I lift the blanket over my head and groan. Dan has showed up every day without fail since Noah left the country. Ellis gave him a key to our place so he could check on me when she wasn’t around, much to my chagrin. I don’t need anyone checking on me. I need to be left alone.

“I’m coming in!” I hear the rattle of the door unlocking, followed by the swing of it opening.

I peek over my blanket and watch Dan lumber into my living room, his gaze sweeping over me tucked under the fluffy sheet of burnt orange fabric. “You look like shit. Again.”

I scowl at him as he makes his way over to pat Winston, looking way too big to even fit in my home.

“Shouldn’t you be flirting with Hawaiian goddesses in bikinis right about now?”

“I fly out this afternoon.” He takes a seat on the pouffe near the window, and I almost laugh at how ridiculously oversized he looks.

“I’m touched you came to say goodbye.”

He frowns, offended. “Of course I would say goodbye. How are you today?”

Still angry.

Still humiliated.

So mortified I want to crawl into a hole with my re-runs and never be seen again.

I wave at my presumably splotchy face. “Never better.”

Dan smacks his lips together, clasping his hands. “If it helps to hear, he’s a mess, too.”

I want to act like I don’t care. That this information is irrelevant and uninteresting to me. But the truth is, my hardened heart splits open a little at the thought of him being upset.

“It does help,” I admit reluctantly.

Dan snickers. “He didn’t go about it the right way.”

Those words set off the anger I’ve been trying to tamp down every day this week, and I sit up to face him directly.

“Go about what the right way? When he missed the one thing I was terrified to do and swore he would be at? The part where he convinced me it wasn’t for show?

Or the part where he kissed his ex-girlfriend in front of everyone?

I was so . . .” I can’t finish the words, instead choosing to bite my lip violently to stem tears and distract my brain from reliving what were some of the most wonderful moments of my life to date.

“We had a contract.
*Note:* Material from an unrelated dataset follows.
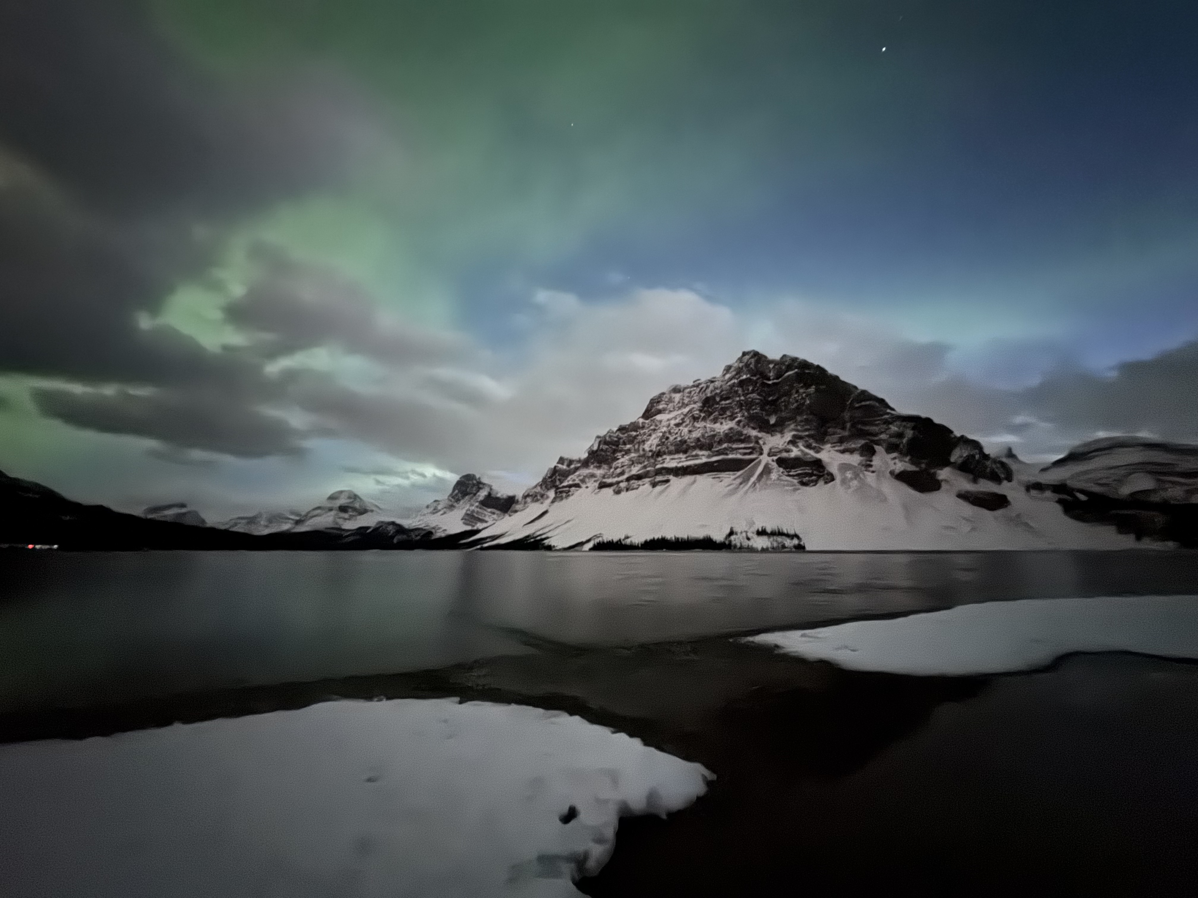 After lunch we headed to Bow Lake for a sunset/ Aurora shoot. I moved around to find my spot. We waited for the sunset and got some great shots. Then, as blue hour started, we see a faint red/green aurora starting. As the sky got darker we saw the lady Aurora make her appearance !! What an incredible sight. We usually look north to see the magic happen. This time, it was 360 degrees. We saw Aurora all around us !! I was speechless and took in the magical night start to unfold. We kept seeing corona after corona. It was crazy. Seeing the Aurora with the Rocky Mountains as the backdrop was a dream come true. After a few hours photographing the Aurora and freezing, I went to the van to eat my dinner. After warming up, I went back out. The clouds stared to roll in and it was getting late.

We fulfilled our obligations. It’s over. ”

I glance down at my red-raw fingernails, furious at myself for tearing them down to the quick again. That’s what Noah Fucking King did. He also ruined my nails.

“I can’t speak for him, but I can speak as his best friend,” Dan says. “I’ve never seen him as happy as when he was with you. That wasn’t pretend, Millie.”
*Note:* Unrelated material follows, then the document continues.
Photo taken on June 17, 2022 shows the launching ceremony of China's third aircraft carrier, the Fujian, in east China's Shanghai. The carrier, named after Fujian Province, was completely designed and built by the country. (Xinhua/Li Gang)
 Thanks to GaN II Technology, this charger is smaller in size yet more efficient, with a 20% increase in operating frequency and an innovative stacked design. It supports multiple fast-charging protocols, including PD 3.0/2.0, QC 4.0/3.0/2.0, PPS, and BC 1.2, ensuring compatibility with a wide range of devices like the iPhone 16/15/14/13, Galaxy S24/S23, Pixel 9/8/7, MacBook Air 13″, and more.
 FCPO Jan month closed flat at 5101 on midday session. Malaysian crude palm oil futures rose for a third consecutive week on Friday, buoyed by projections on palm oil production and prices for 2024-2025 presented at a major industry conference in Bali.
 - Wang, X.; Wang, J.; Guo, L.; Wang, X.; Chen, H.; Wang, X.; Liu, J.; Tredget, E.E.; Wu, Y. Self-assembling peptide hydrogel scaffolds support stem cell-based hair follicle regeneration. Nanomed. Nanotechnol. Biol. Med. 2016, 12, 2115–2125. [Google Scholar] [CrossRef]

I shake my head. “I don’t need to hear this again. I told you, it doesn’t matter anymore.”

Dan sighs loudly. “Yes, it does. All of it matters. You both deserve to give this another go, without that stupid contract in the way.”
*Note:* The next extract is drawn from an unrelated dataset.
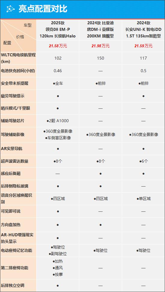 就车辆配置而言,我们选择了尽可能相似的车型进行比较。领克 08 EM-P 配备三款车型的性能更加全面,独享哨兵模式 / 千里眼、AR-HUD 增强现实抬头显示,加热第二排座椅,通风,按摩等功能。相比之下,比亚迪唐 DM-i 荣耀版和长安版 UNI-K 智电 iDD 表现稍差,装备缺失较多。

“It wouldn’t work,” I argue. “We don’t even live in the same country and my trust is shattered with him. I doubt we can work through that while he’s in the middle of the most important thing in his life.”

“But you want to.” Dan waits for me to argue his point, but I can’t.

“It doesn’t matter,” I repeat. “I was humiliated, and Noah was under so much pressure. And the kiss, Dan. I know he said it was only two seconds, but think about it from my point of view.”

Dan lets out a long, loud sigh. “You’re going to kill me for this.” He ducks his head to avoid my hanging light on his way to the front door and heads straight out.

Perplexed, I lean forward, waiting to see if he’s going to return or leave me hanging with a cryptic last message. I hear him shuffle as he reapproaches the door and steps inside, followed by a slender, almost-floating woman with vibrant, red hair.

Sofia Carlson is standing in my foyer.